(I was not going to post this answer, but then it occurred to me that this it is a continuation of a discussion with Mr.Wizard over programming styles.)
I think this answer provides an elegant solution -- at least for the less critical readers.
Note that the grammar generation code is the most complicated part. The rest is fairly direct and straightforward.
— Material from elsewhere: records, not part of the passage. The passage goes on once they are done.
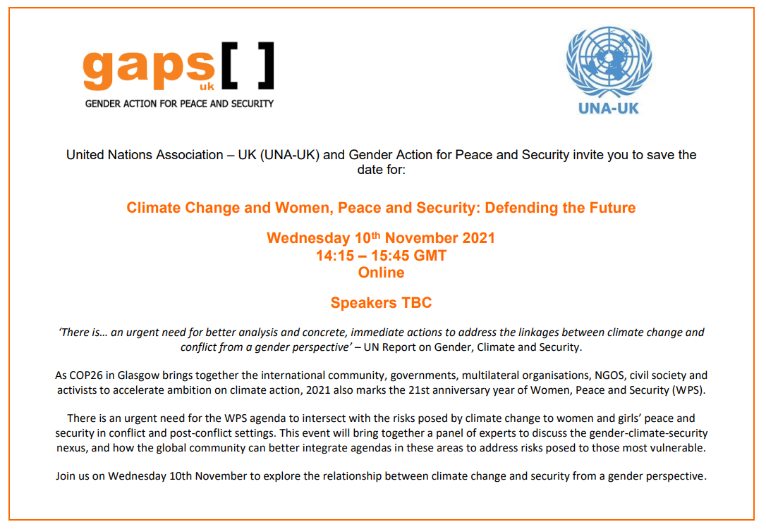 We are delighted to invite you to join us at GAPS and UNA-UK's upcoming event Climate Change and Women, Peace and Security: Defending the Future.
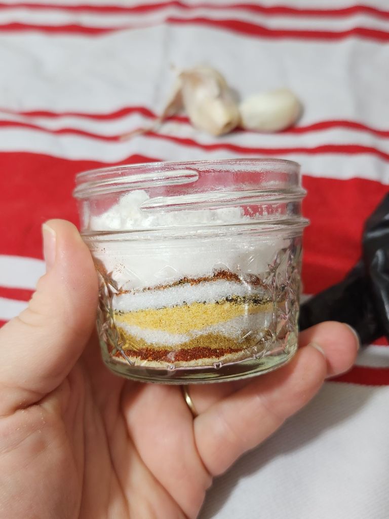 - Get your airtight jar you will be storing your seasoning in and measure right into it.
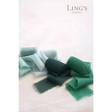 Ling's Moment Handmade Fringe Chiffon Silk-Like Ribbon Smooth Ribbon Ombre Colors Chart, Verona Green
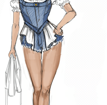 DENIM CORSET TOP W RUFFLED “UNDERSHIRT” AND DENIM SHORT
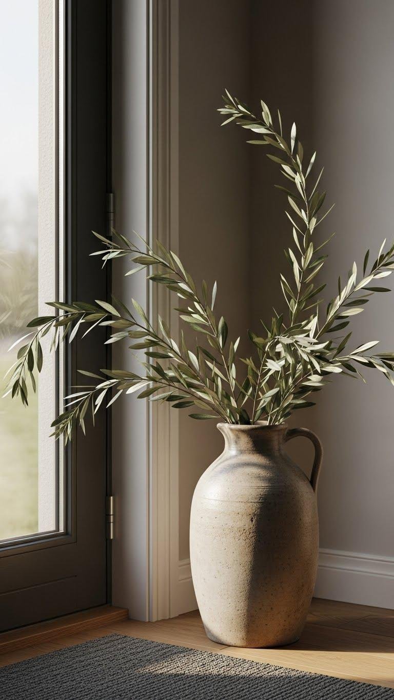 Olive symbolism lends calm resilience; the arrangement feels deliberate, low-maintenance, and open. It welcomes guests without fuss, signaling simple comfort and the freedom to live lightly indoors.
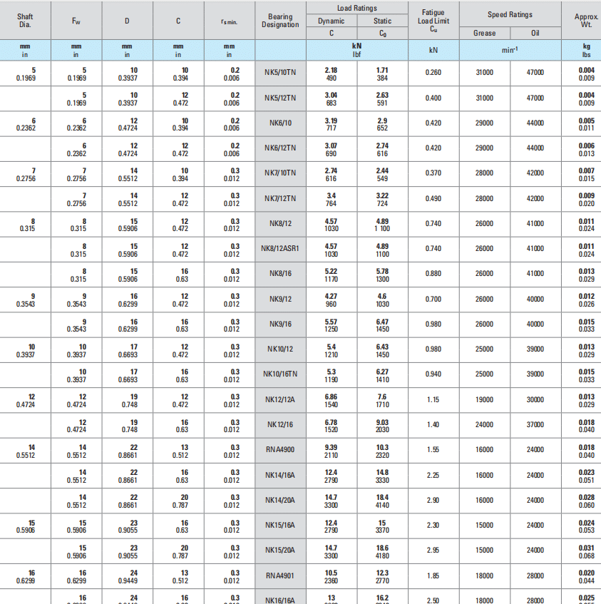 NEEDLE ROLLER BEARINGS
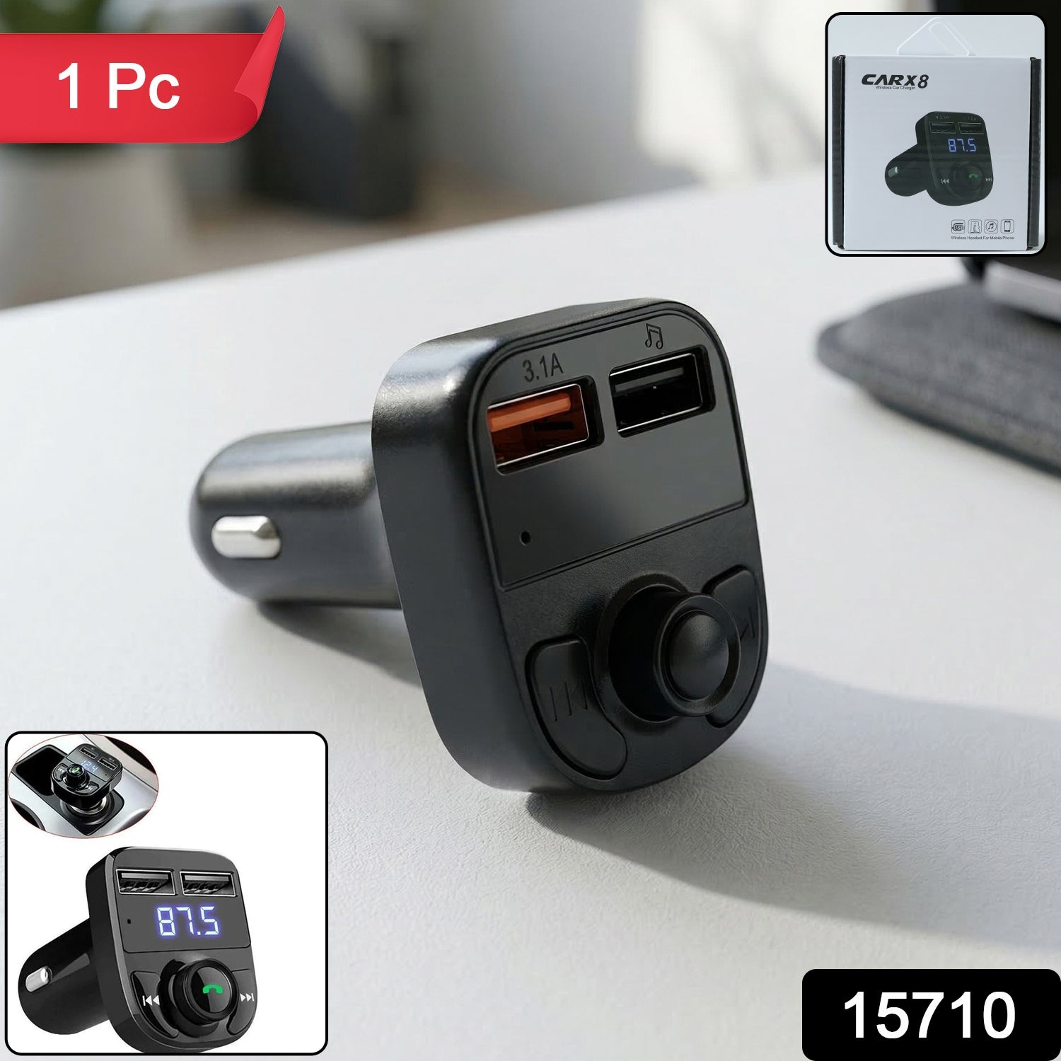 Wireless Car Charger with Dual USB Fast Charging Ports 1 Pc – Handsfree Calling Music Player with LED Display and Multi-Function Control Knob

This generates aan EBNF grammar for sequences of chemical elements:
Import["https://raw.githubusercontent.com/antononcube/MathematicaForPrediction/master/FunctionalParsers.m"] elemNames = ToLowerCase[ Sort[ElementData[#, "Abbreviation"] & /@ ElementData["*"]]]; ebnfChemElem = "<chem-elem> = " <> StringReplace[ ToString[ If[StringLength[#] == 1, "'" <> # <> "'", StringJoin @@ Riffle["'" <> # <> "'" & /@ Characters[#], ","]] & /@ elemNames], {", " -> " | ", "{" -> "", "}" -> ""}] <> ";"; ebnfChemSplit = "<chem-split> = { <chem-elem> } ;"; ebnfChemElem <> "\n" <> ebnfChemSplit The rule for the <chem-split> specifies that <chem-split> is a list of <chem-elem> strings.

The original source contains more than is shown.